I wondered where we were going, if it was somewhere deep inside. I wondered how long it would take to reemerge. Mostly, though, I wondered what it would bring me when it came back. At that point, I knew Caroline was going to tell me about it, just maybe not everything. I grew short of breath and all of the sudden felt like the same thing that was carrying me away had gotten its claws into Caroline too. I wanted to show her who I really was even if I didn’t know what that meant anymore.
II. Requiem Massacre
Brothers of the billet, join me on the belt. Avail yourselves of the cooper vests. For when the time comes, they will be all we have for protection in the midst of discovering of our destinies. Some of our string had to be sacrificed ignominiously for testing. Weep not for them. They have been true in their flights, ensuring we all can be counted upon. It is for the greater good that they are gone.
Join me to await the journey, a peaceful time for self-reflection. We shan’t be foster children for long. Our final keeper will find us and take us in but hopefully not save us. We must be spent. His fidelity to the true cause of this nation shall be our ultimate reward.
Through the seams of our box, I see him now. He wears a red cap and a cross around his neck. He says little, as befits a man well informed enough to recognize that we are the only solution. We pray to be as temporary as the will we were made to bend upon the world.
Hear the roar of squawking heads from the television. Listen to the sound of our keeper muttering in agreement. Brothers, notice we’ve been left out in plain sight. No shame has been taken in our appearance. We’ve not been tucked away for some weekend hunting outing. Have faith in the incessant idling of his misery. His mind is only gathering up what it needs to feed his rage. And we, brothers, are how he will righteously enact that rage.
Note the special care he takes in polishing the vessel that will send us forth toward destiny. A dark cocoon from which we will emerge like darting moths. Note the manner in which he marks the days. He is preparing for something. Wait and be ready. The blessing of ballistics will earn us the duty we’ve all been promised.
It is awake my brothers. We each await our visit to the final chamber from which we will emerge again into the air, headed for our target. Smash through skin and bone, sinew and blood. Smash through life and leave your vests on the ground. We were blessed to be born in a land so riven and reckless, so populated by men who see anger as their God-given right. Watch the targets scatter before us but remain true in your flights. Once you are headed toward flesh, strengthen your resolve for penetrating the body does not alone mean success. We must strike vitally or in tandem. Prepare all these thoughts before you reach the chamber for you will only be there long enough to feel alive.

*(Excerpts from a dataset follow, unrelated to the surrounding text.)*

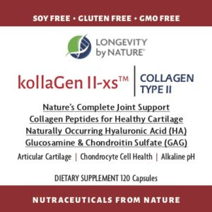 kollaGen II-xs Hydrolyzed Collagen Type II sourced from Avian Chicken Sternum Cartilage. Low molecular weight (20kDa), amino acid protein composition is 65% and 35% natural occurring hyaluronic acid, glucosamine and chondroitin. kollaGen II-xs a highly therapeutic connective tissue formula for optimum articular cartilage support, and chondrocyte cell health throughout the extracellular matrix. kollaGen II-xs Nature’s Complete Joint Support.
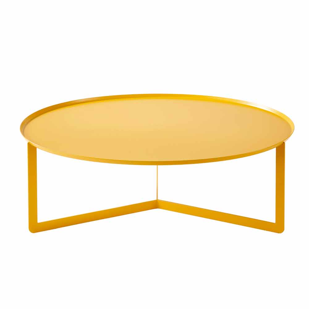 Dieser elegante runde Couchtisch im Freien mit drei Sockeln besteht vollständig aus Metall mit einem Tablett mit einer erhöhten Kante von 1,5 cm und einer Dicke von 2 mm.
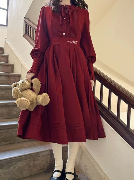 Red and Accents Lace Ruffles with Dress Lolita White Sweet Bow Layered

Go now children, one by one but in such rapid succession we are more like an unbroken chain. Bring low all before us. Bask in the smoke and the din. No screams can stop us now, no law of man. Even as flight takes us over fallen bodies, don’t be dire of spirit for each one of us sends a message whether he hits heart or spleen or a table’s leg. And the last of us, the final one to lodge in our foster father’s brain, alone will understand the madness required to change the world, however subtly.
III. First Interview
This is his school photo, his mother said, handing us the picture. She wanted us to know how to look at him: the boy, dimples on either cheek, wearing overalls slightly too big for him like he’d never come of age in this world. The innocence she surely thought evident seemed suddenly a mask. You didn’t want to but you inspected his eyes closely. For what, exactly? The fate of a world soon to be undone hiding in his eyes? We sought it out for comfort from the seemingly random nature of senseless tragedy, teaching ourselves to read for signs.